Maka begitu dia mengenal tiga orang itu sebagai orang-orang Jeng-hwa-pang, teringatlah dia akan ketua Jeng-hwa-pang yang jahat bukan main, yang pernah menyiksannya dan melemparkannya ke dalam lubang yang penuh ular. Maka seketika hatinya sudah berfihak kepada kakek berpedang itu yang tidak dikenalnya akan tetapi yang memiliki wajah yang gagah dan menyenangkan hatinya.

Apalagi ketika dia melihat betapa kakek itu makin lama makin terdesak hebat, dia makin berfihak kepada kakek itu. Dan penglihatannya memang tidak keliru. Seorang yang berkumis pendek kaku itu memang seorang anggauta Jeng-hwa-pang tingkat atas yang pernah dilihatnya.

Ternyata bahwa ada pula anggauta Jeng-hwa-pang yang dapat lolos dari tangan maut Kim Hong Liu-nio dan dua orang yang lain itu adalah tokoh-tokoh Jeng-hwa-pang yang baru datang. Mereka tidak ikut dalam rombongan Gak Song Kam, yaitu pangcu (ketua) dari Jeng-hwa-pang, dan mereka itu memiliki kepandaian yang cukup tinggi karena mereka bertiga ini menerima latihan langsung dari pangcu mereka sehingga tingkat mereka tidaklah lebih rendah daripada tingkat Heng-san Ngo-houw yang menjadi pembantu-pembantu pangcu dari Jeng-hwa-pang itu.

Ketika Sin Liong melihat dengan lebih teliti, maka tahulah dia bahwa kakek berpedang itu telah terluka di betis kirinya. Pantas saja gerakannya menjadi kaku dan tidak leluasa. Biarpun demikian, tetap saja pedangnya dapat menangkis tiga batang pedang yang menyerangnya seperti hujan itu.

Sin Liong tidak dapat menahan kesabarannya lagi. Kalau tidak dibantu, kakek gagah itu akhirnya pasti akan roboh, pikirnya. Dia lupa akan keadaan dirinya sebagai seorang anak-anak yang belum memiliki kepandaian berarti. Terdorong oleh rasa penasaran dan kasihan kepada kakek itu, tiba-tiba Sin Liong meloncat turun dan membentak nyaring.

“Tiga orang mengeroyok satu orang, sungguh pengecut!”

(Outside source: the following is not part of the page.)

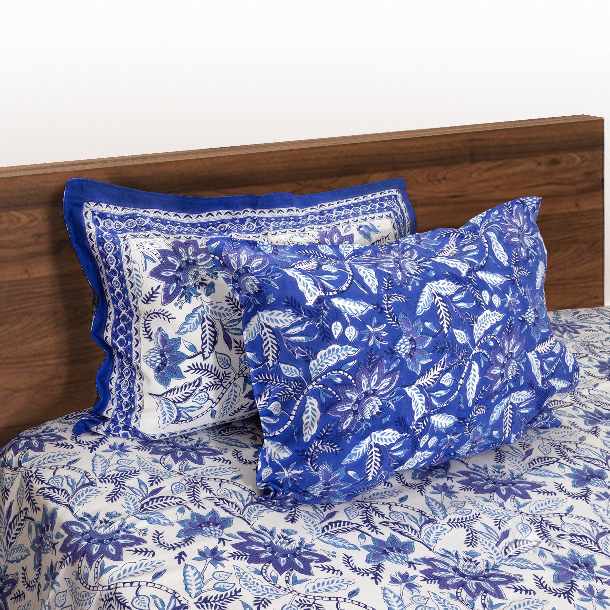Hand Block Printed Bedsheet | Bed Spread Flatsheet Bed Sheet | Pure Cotton | Queen 90"x108" | King 108"x108" | 2 Reversible Pillow Covers | Royal Blue, Purple Florals on White

Dan diapun sudah menerjang maju dan menyerang ke arah dada dan perut seorang di antara para pengeroyok itu seperti seekor kera marah! Orang itu terkejut, akan tetapi melihat bahwa yang menerjangnya hanyalah seorang anak kecil, dia tertawa mengejek, melompat ke kiri dan pedangnya menyambar ke arah leher Sin Liong.

“Singgg...!”

Dan orang itu terkejut karena sambaran pedangnya luput! Boleh jadi Sin Liong belum memiliki ilmu silat yang tinggi, akan tetapi jelas bahwa dia telah memiliki ketangkasan yang luar biasa, kegesitan seekor monyet, kecepatan yang wajar dan yang hanya dapat dikuasai karena kebiasaan, bukan karena latihan. Juga dia memiliki naluri perasaan yang tajam sekali, maka hal inilah yang menjadikan kelebihan dari Sin Liong daripada orang-orang lain, dan membuat dia dengan mudah mengelak dari sambaran golok itu.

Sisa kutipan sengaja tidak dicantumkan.